DATA SUPPLIED >>

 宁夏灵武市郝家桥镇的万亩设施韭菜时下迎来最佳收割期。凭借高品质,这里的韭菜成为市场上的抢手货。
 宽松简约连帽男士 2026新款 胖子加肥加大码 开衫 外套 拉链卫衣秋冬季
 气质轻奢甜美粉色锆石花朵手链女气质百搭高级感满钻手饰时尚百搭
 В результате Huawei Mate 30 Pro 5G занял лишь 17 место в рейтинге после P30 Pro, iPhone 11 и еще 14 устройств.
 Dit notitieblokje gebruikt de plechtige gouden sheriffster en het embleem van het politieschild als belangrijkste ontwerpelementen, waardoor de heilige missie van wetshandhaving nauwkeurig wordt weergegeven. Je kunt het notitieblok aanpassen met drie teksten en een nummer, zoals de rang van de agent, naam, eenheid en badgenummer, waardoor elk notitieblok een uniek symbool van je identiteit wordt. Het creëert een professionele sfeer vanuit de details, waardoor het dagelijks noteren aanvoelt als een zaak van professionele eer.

...

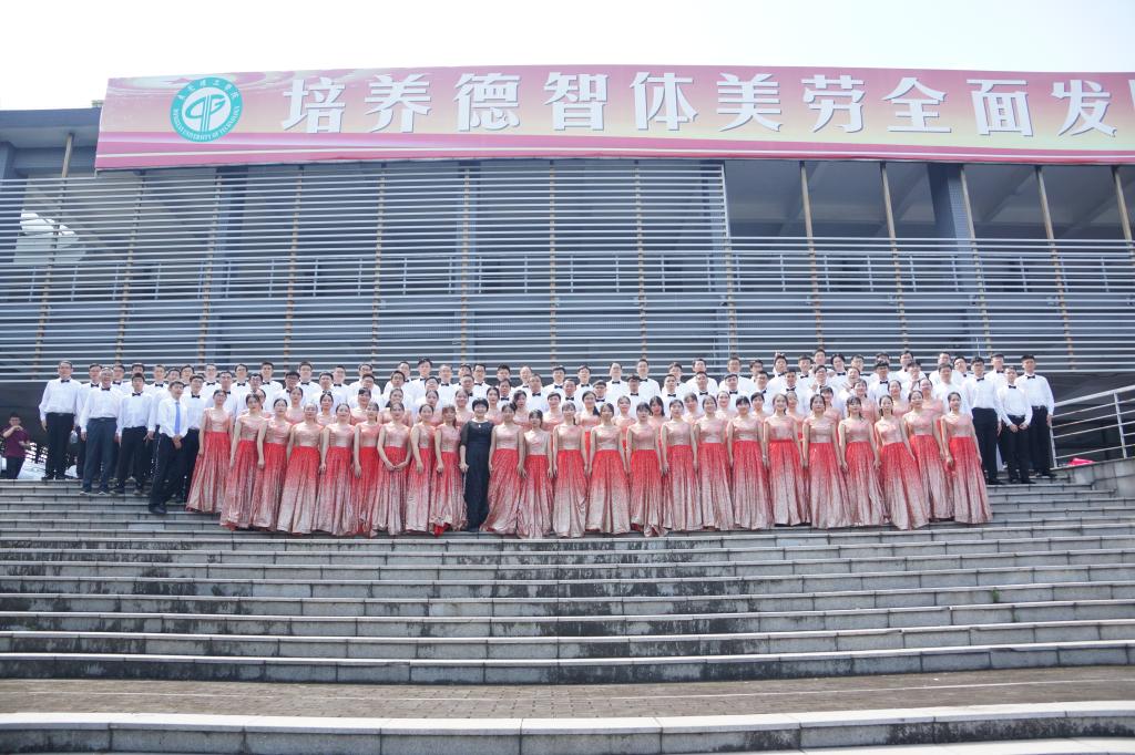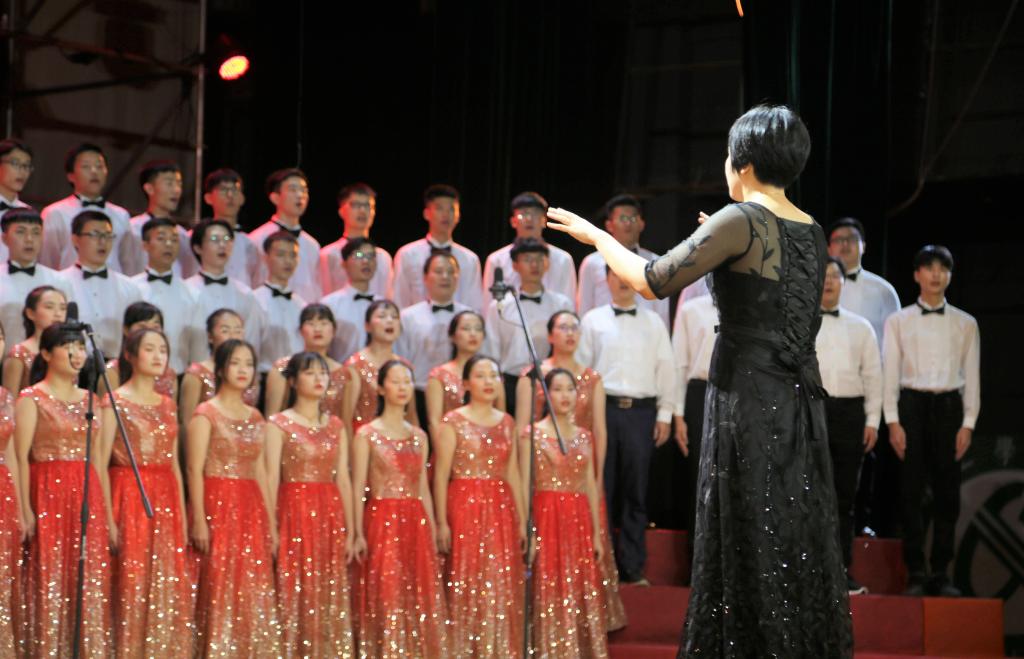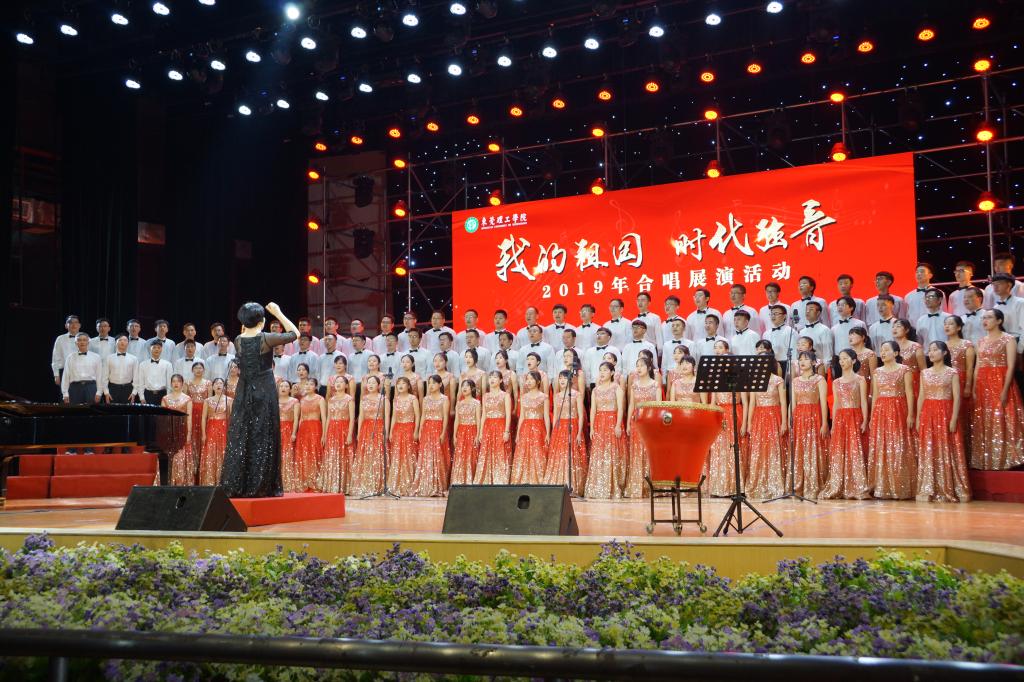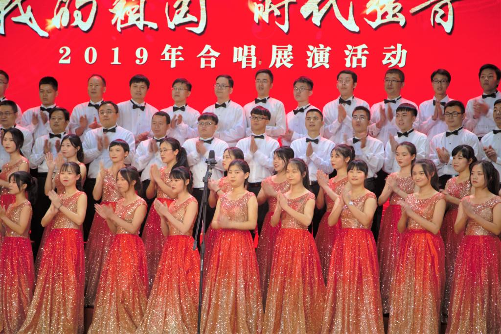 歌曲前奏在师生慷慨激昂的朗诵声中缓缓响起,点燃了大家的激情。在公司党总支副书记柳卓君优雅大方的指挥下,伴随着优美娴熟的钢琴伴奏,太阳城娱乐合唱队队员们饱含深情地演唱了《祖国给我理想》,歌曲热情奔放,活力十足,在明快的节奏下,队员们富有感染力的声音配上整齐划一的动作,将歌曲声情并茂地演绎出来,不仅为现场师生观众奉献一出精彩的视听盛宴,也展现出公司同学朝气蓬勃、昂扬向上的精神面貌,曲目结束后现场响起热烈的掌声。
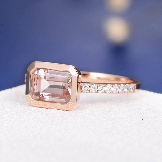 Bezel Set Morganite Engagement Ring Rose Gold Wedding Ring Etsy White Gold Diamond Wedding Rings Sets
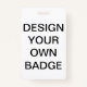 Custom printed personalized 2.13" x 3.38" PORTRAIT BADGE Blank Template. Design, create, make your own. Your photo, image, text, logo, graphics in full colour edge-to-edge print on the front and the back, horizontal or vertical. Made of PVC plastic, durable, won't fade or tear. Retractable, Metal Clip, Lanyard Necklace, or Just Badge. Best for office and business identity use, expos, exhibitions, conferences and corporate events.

WORK ITEM >>
Look above for the line with "宁夏灵武市郝家桥镇的万亩设施" and the line with "Dit notitieblokje gebruikt", and reproduce exactly those two lines plus every line between, nothing more.

SOLUTION >>
 宁夏灵武市郝家桥镇的万亩设施韭菜时下迎来最佳收割期。凭借高品质,这里的韭菜成为市场上的抢手货。
 宽松简约连帽男士 2026新款 胖子加肥加大码 开衫 外套 拉链卫衣秋冬季
 气质轻奢甜美粉色锆石花朵手链女气质百搭高级感满钻手饰时尚百搭
 В результате Huawei Mate 30 Pro 5G занял лишь 17 место в рейтинге после P30 Pro, iPhone 11 и еще 14 устройств.
 Dit notitieblokje gebruikt de plechtige gouden sheriffster en het embleem van het politieschild als belangrijkste ontwerpelementen, waardoor de heilige missie van wetshandhaving nauwkeurig wordt weergegeven. Je kunt het notitieblok aanpassen met drie teksten en een nummer, zoals de rang van de agent, naam, eenheid en badgenummer, waardoor elk notitieblok een uniek symbool van je identiteit wordt. Het creëert een professionele sfeer vanuit de details, waardoor het dagelijks noteren aanvoelt als een zaak van professionele eer.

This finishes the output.